Reflexos Estatísticos e Sociais: Em nações que aplicam variantes rígidas da Sharia, os reflexos dessa herança são visíveis. Dados frequentemente citados indicam taxas de estupro na Arábia Saudita em torno de 5,6 por 100.000 habitantes, superando países com populações gigantescas como a Índia (2,6 por 100.000). Nota analítica: Embora tais números oficiais existam, a realidade criminológica sugere que em sociedades islâmicas, onde vítimas de violência sexual podem ser acusadas de adultério (Zina), a subnotificação de estupros é colossal, mascarando uma epidemia silenciosa de violência legalizada.

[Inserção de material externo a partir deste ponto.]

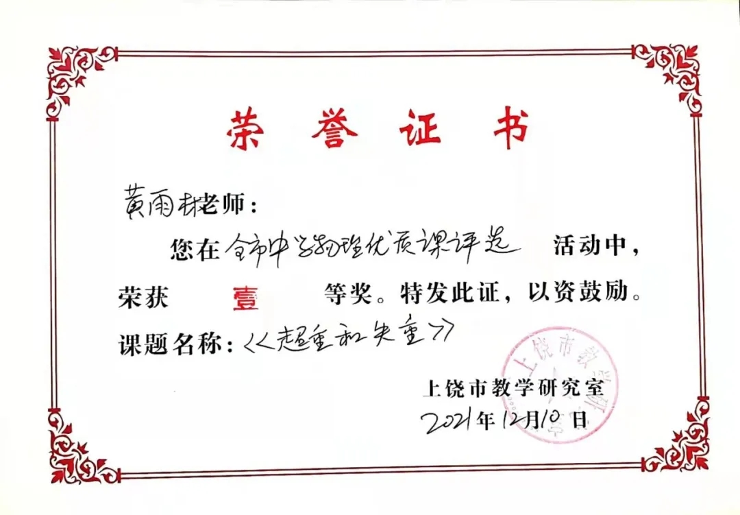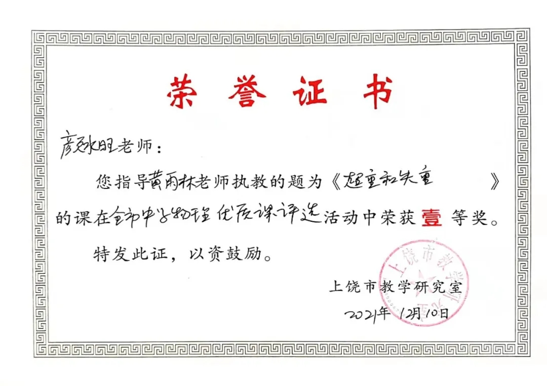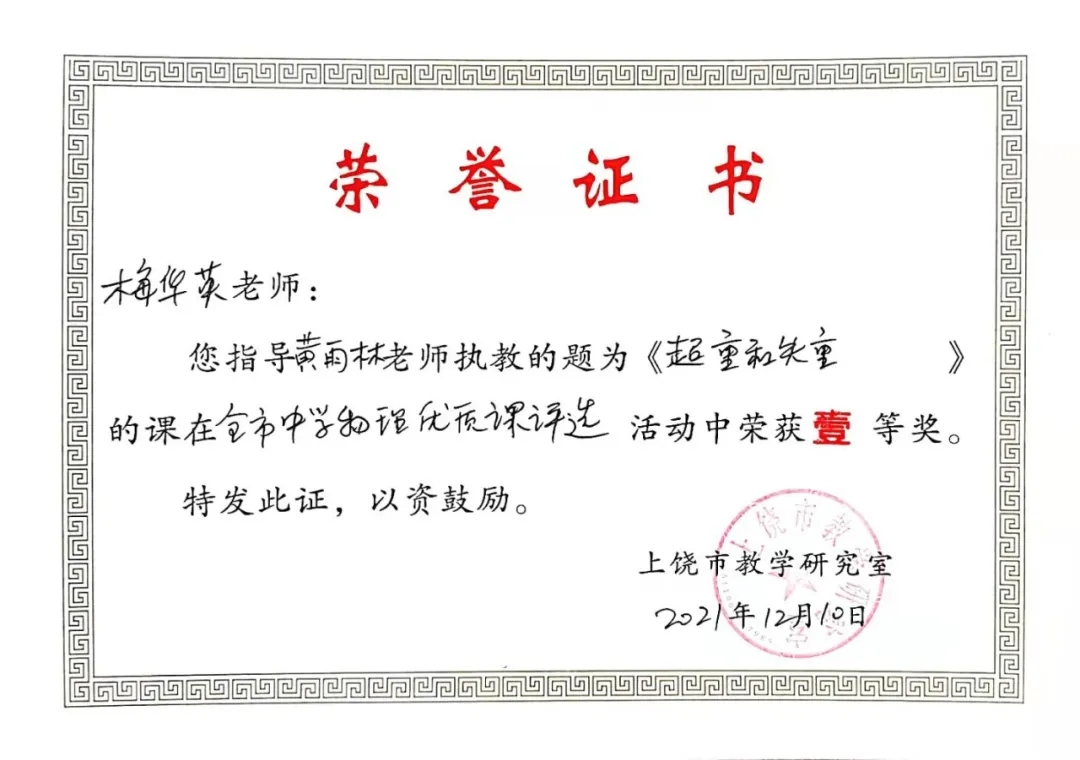 在刚刚结束的2021年上饶市中学物理优质课评选活动中,我校黄雨林(指导老师梅华英、颜水旺)老师荣获一等奖!

4. Escravidão e Espólios de Guerra

Uma das defesas mais comuns do Islã primitivo é que ele encorajou a libertação de escravos (Sahih Muslim 2315). Contudo, ele jamais aboliu a escravidão; pelo contrário, regulamentou-a e enraizou-a na economia de guerra.

O profeta comprou, vendeu e possuiu escravos (Sahih Muslim 1602). Mais grave sob a ótica dos direitos humanos é o tratamento dado às mulheres cativas. Após campanhas militares como a aniquilação dos homens da tribo judaica de Banu Qurayza, mulheres e crianças foram divididas como espólio. O Alcorão (4:24 e 33:50) permite explicitamente relações sexuais com escravas cativas (“aquelas que vossas mãos direitas possuem”), mesmo que já fossem casadas antes de serem capturadas. O caso de Safiyya bint Huyayy, tomada como esposa por Maomé no mesmo dia em que ele ordenou a execução de seu marido e familiares, ilustra uma conversão e união indissociáveis de um profundo trauma de guerra, onde o “consentimento” é uma impossibilidade prática.

5. O Abismo Científico: Islã vs. Cosmologia Antiga

Muitos apologistas modernos dedicam esforços para encontrar “milagres científicos” no Alcorão. No entanto, uma leitura literal expõe o texto como um produto do conhecimento naturalista pré-científico do século VII:

  • Embriologia Incorreta: O Alcorão 86:6-7 descreve o sêmen como algo que procede “de entre a espinha dorsal e as costelas” — um erro anatômico que ecoa antigas crenças gregas incorretas, não a biologia humana.
  • Cosmologia e Geocentrismo: O texto descreve o Sol se pondo em uma poça de lama escura (Alcorão 18:86), o mito de que estrelas são mísseis lançados contra demônios, e a crença de que Maomé teria voado a Jerusalém e ascendido aos céus em uma criatura alada (Buraq), ou de que dividiu a Lua ao meio (fato astronômico de proporções catastróficas que não possui qualquer registro em civilizações astrônomas da época, como chineses, indianos ou maias).

Conclusão

A manutenção inquestionável de dogmas gerados no século VII em pleno século XXI não representa apenas uma represão religiosa, mas uma força de estagnação que ameaça ativamente a integridade física e moral de mulheres, crianças e homens.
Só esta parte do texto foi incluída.